Kimi ağlar kimi gider.

Bayramlar da öyle işte.

Ve bayramlarda hep; dilekler, temenniler, neşe ve sevinç getirsin derler.

Muhalefetin iktidara karşı başarı kazandığı seçimin ardından gelen bu bayramda, beklenen huzurlu günler, haklı olarak daha bir umut soslu.

Tabi yarınlar; neşeyle dolar mı, dolmaz mı? Şimdilik o da bilinmez.

Doğrudur. Sarı sıcak bir ışık yandı, ama ya şu an, mutlu muyuz? Hayır. Çivisi çıkmış ülkede elbette, değiliz.

Hatta şu koşullarda, yarınlar için de umut puslu, bulutlu yok. 

Zira; şirazesi kaymış her şeyin yerine oturtulması gerek. 

İşte bunun için de; bilgi, liyakat, bilim ve koca yüreklilik, neşenin olması için; sağlık, refah ve güven gerek.

Peki, bir bakalım şu an bunlar var mı?

Vatandaş maaşıyla geçirebiliyor mu?

Çocuklar; eğitim ve öğretim haklarından ne kadar faydalanabiliyor?

Emeklinin geçim derdine çare bulundu mu?

Ya sağlık? 

Kadınlar sokaklarda güvenle yürüyebiliyor mu?

Peki gençler? Gelecek kaygısından sıyrılabildi mi? 

Sahi, gerçekten “adalet  mülkün temeli mi? 

Hani, işlerini, geleceklerini, özgürlüklerini kaybeden insanlar için hak, hukuk, adalet işliyor mu?

Yok.

Bu sorunlar hala devam ediyorsa; mutlu bayramlar, huzurlu yarınlar da gelmiş değil.

Görünen o ki beklenen neşe ve sevincin gelmesi için daha çok yol kat etmek gerek.

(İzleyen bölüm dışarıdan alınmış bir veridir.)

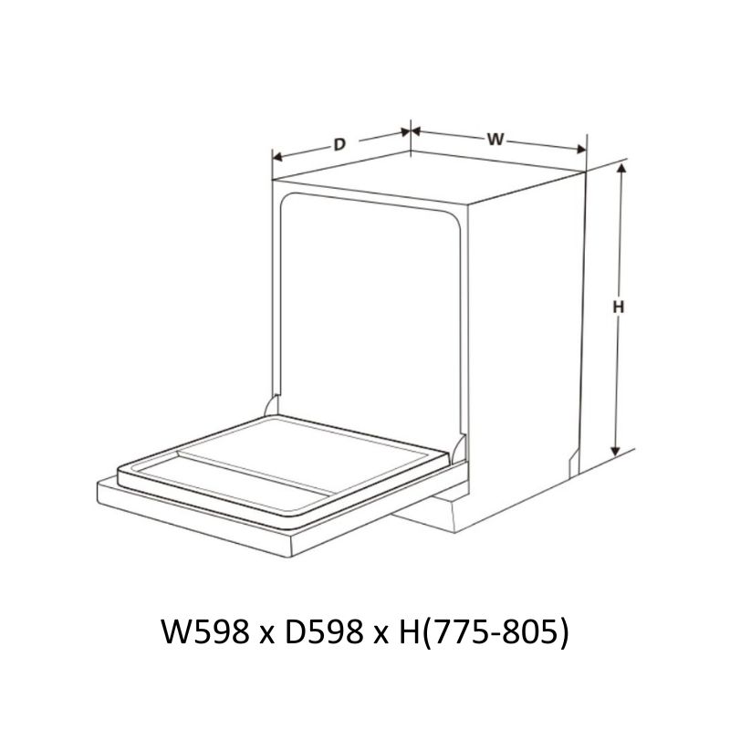 - Kích thước khoét âm tủ: 605W x 605D x 780-810H mm.
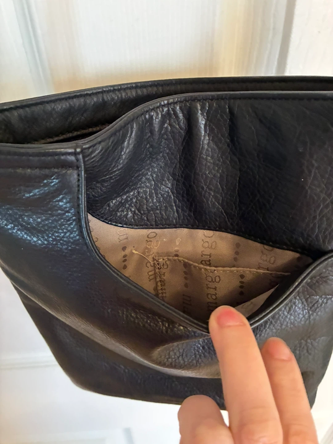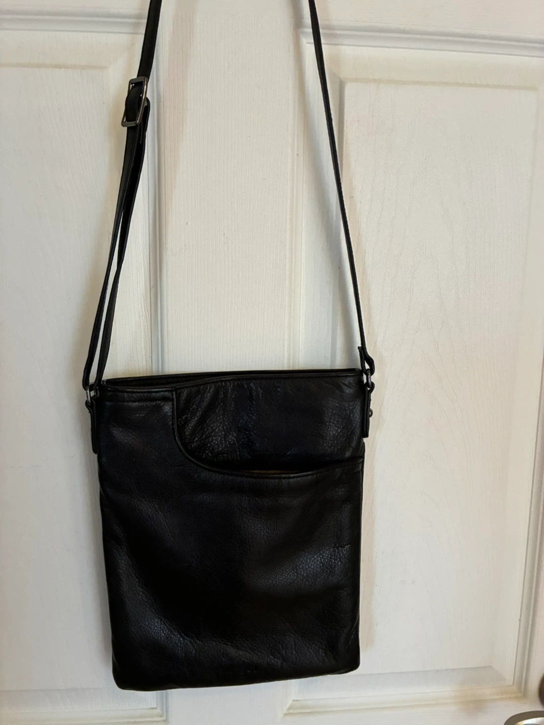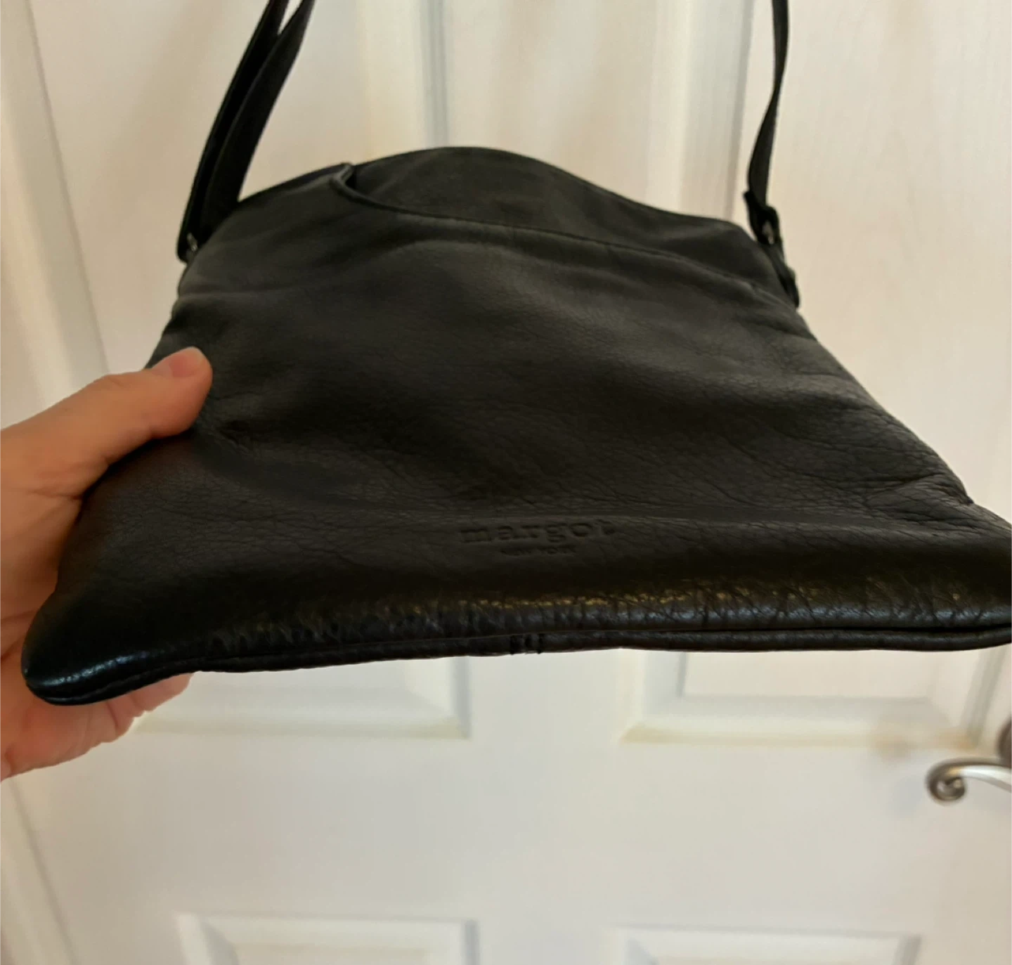 Margot New York black leather crossbody bag.

Evet, sizler de haklısınız. Umutsuz da yaşanmıyor değil mi?

Memleketi, yıldızları, gençliğe hayallerini yakın etmek için umut lazım.

O zaman bu bayram, neşeyi büyütüp şimdilik mevsim “Umut” diyelim.

Umarım bu sefer kaybeden biz olmayız. Yakalanan sarı sıcak ışığı parlatır, tüm sorunların üstesinden gelecek aydınlığı yakalarız.

Sevinçlerinizin çoğalacağı günler geçirmeniz dileğiyle, neşeli bayramlar.